Bredesen smartly cast himself as a moderate, suggesting he'd agree with President Trump when it made sense and oppose him when it made sense. His ads openly and candidly said, "I'm applying for the job."

It was a good strategy, but the heated campaign exposed the former governor's monetary support of 2016 Democratic presidential candidate Hillary Clinton, his indecision on whether to support U.S. Supreme Court nominee Judge Brett Kavanaugh, and the revelation by campaign staffers - in a secret video - that the candidate had no intention of supporting Trump and that his late, tepid support of Kavanaugh was a sham.

Blackburn said she'd be a loyal soldier for Trump, who is popular in the state and lost only three of the state's 95 counties in 2016.

The electorate bought her story and rejected Bredesen in what became by far the most expensive race in Tennessee history.

Blackburn is expected to be joined in the Senate by Martha McSally in Arizona in winning open seats held by Republicans, while Rick Scott in Florida, Mike Braun in Indiana and Josh Hawley in Missouri all knocked off incumbent Democrats (while only one incumbent Republican was defeated).

Over the past 21 mid-term elections before Tuesday, the party of the president in power lost an average of four seats in the Senate. In that area, Republicans overachieved, especially since polls only Monday favored Democratic incumbents in Florida and Missouri and the Democrat in the open seat in Arizona.

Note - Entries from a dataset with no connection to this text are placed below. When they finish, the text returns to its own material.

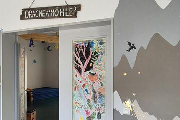 Inmitten eines bunten, blühenden Gartens steht die Kita Drachenland – ein Ort, an dem Lachen, Neugier und Freude den Alltag prägen. Die hellen und einladenden Räume sind mit liebevollen Kunstwerken der Kinder gestaltet und laden zum Spielen, Lernen und Entdecken ein.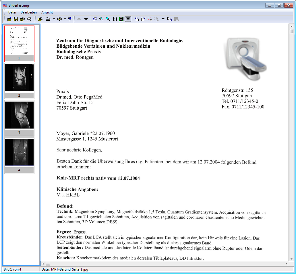 Das Bild- und Dokumentenmanagementsystem Acta in PegaMed gibt Ihnen die Möglichkeit, Ihre Dokumente strukturiert abzulegen und eingehende Dokumente per Scanner direkt einzulagern. Der Anschluss einer Digitalkamera und das Auslesen der Bilder ist selbstverständlich auch möglich.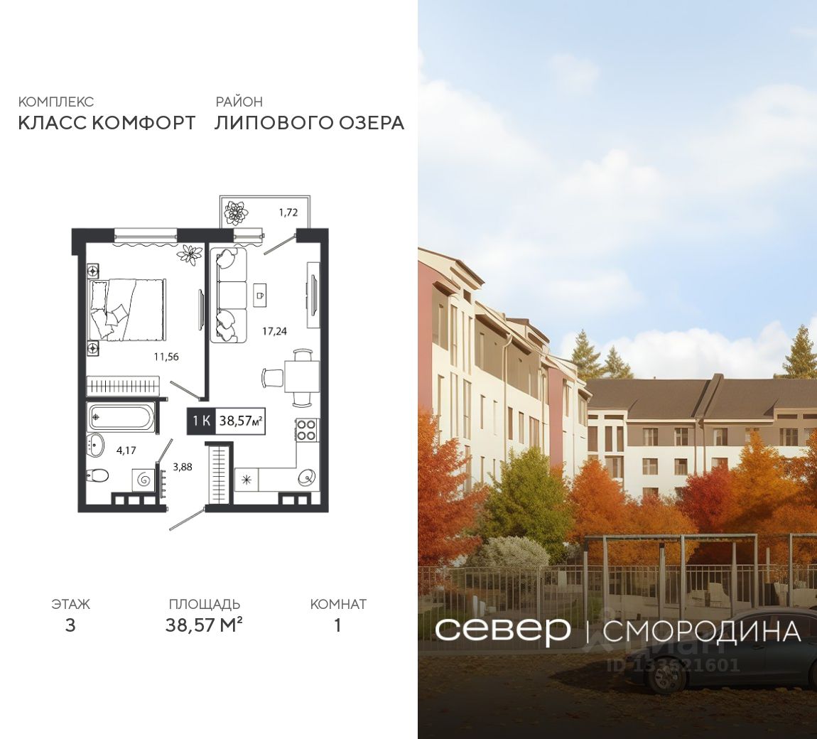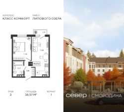 Продаётся квартира площадью 38.57 м2 в жилом комплексе "Смородина". Квартира находится на 3 этаже, жилая площадь квартиры 11.56 м2, площадь просторной кухни — 17.24 м2. Среди особенностей планировки — изолированные комнаты с окнами на одну сторону, 1 совмещённый санузел.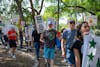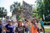 Protestors march down Depot Avenue, Saturday, March 28, 2026, in Gainesville, Fla.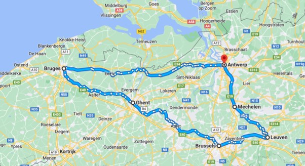 This guide is meant to be walked in as many sessions as you have available. The relevant streets or sites are given in bold. To focus attention on the environment that Thomas More saw and lived in, we recommend the traveller to enteronly a few places, which are underlined in the guide; a summary of those few places is given here.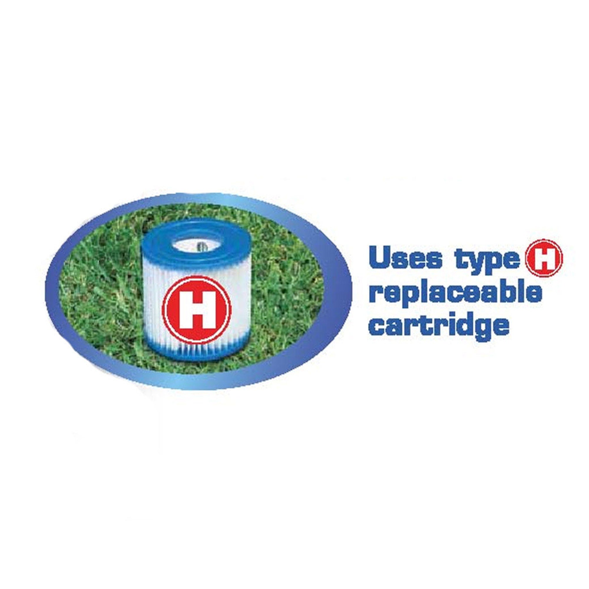 Keep your pool water Krystal Clear and refreshing this summer with the Intex 330 GPH Filter Cartridge Pump! Boasting a pump flow rate of 330 gallons per hour and a system flow rate of 300 gallons per hour, this pump will circulate and filter the water in your above ground pool to keep everything clean, refreshing, and fun. In addition, the maintenance for this pump is a breeze: just the occasional cartridge rinse or swap to keep this pump running strong. This filter uses Type H filter cartridges (Item #29007E) which should be changed every couple of weeks. This pump is a must have for any above ground pool up to 2,400 gall.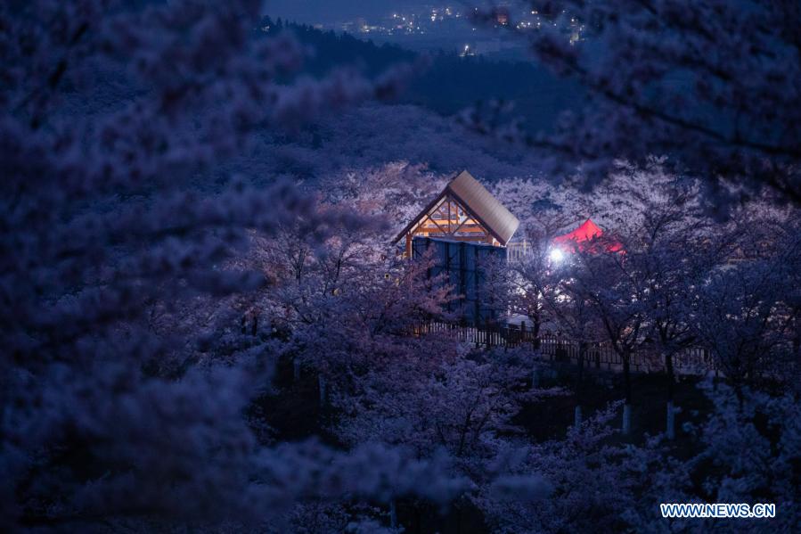 ANSHUN, 17 marzo, 2021 (Xinhua) — Imagen del 16 de marzo de 2021 de una casa de madera dentro del jardín de los cerezos en el municipio de Huangla, ciudad de Anshun, en la provincia de Guizhou, en el suroeste de China. El municipio de Huangla se ha aprovechado de la industria del turismo de las flores de cerezo para desarrollar la economía local y crear puestos de trabajo en las áreas cercanas. (Xinhua/Liu Xu)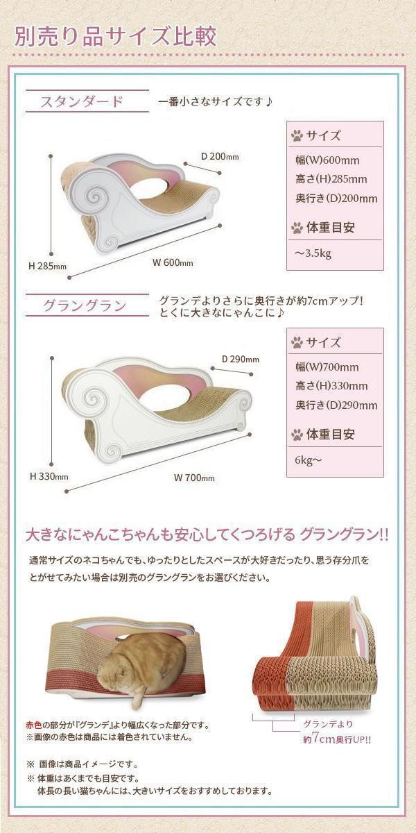 | 猫をこよなく愛す方々の猫ちゃんたちから情報を収集し「ネコがリラックスするカタチ」を研究し、構築した「にゃん工学」に基づいた設計のおしゃれな爪とぎソファーです。削りカスがほとんど出ない強化ダンボールを使用し、国内で製造しているので大切な家族の一員に安心してお使いいただけます。お部屋のインテリアに合わせてお選びいただけるよう、3色をご用意しました。スタンダード(M)より、横幅と奥行きがアップした商品です♪ |

The House was another story but its change in control was not unexpected, given that Democrats had been predicting a Blue Wave for many months. Far from a Blue Wave, though, the party's House gains are expected to settle at around the 30-seat average the president's party has suffered over the past 21 mid-term elections.

Although Republicans suffered a net loss in governorships, they did better than expected, picking up seats that polls said they wouldn't win as late as this week in Florida, Georgia and Ohio.

What all of that means for the country in the next two years will be largely up to Democrats, who can choose to continue to obstruct the president at every turn and begin needless House investigations, or can attempt to see where compromise is possible.

President Donald Trump, for his part, spoke in a news conference Wednesday of the potential for a "really beautiful bipartisan type of situation."

Our belief is that continued obstruction by Democrats will be to their disfavor and will give the president a convenient target for his re-election campaign 2020. Their treatment, and that by their media allies, of Kavanaugh, after all, has been suggested as the match that re-ignited Republicans to make their Senate gains.

"Two years will go by," Trump said of such a scenario, "and we won't have done a thing."

On the other hand, we hope in Tennessee our Republican governor-elect and the Republican-dominated General Assembly with which he'll work will indeed try to tackle some of state's most vexing problems and will make - in Lee's words Wednesday - "a very good place to live ... even better."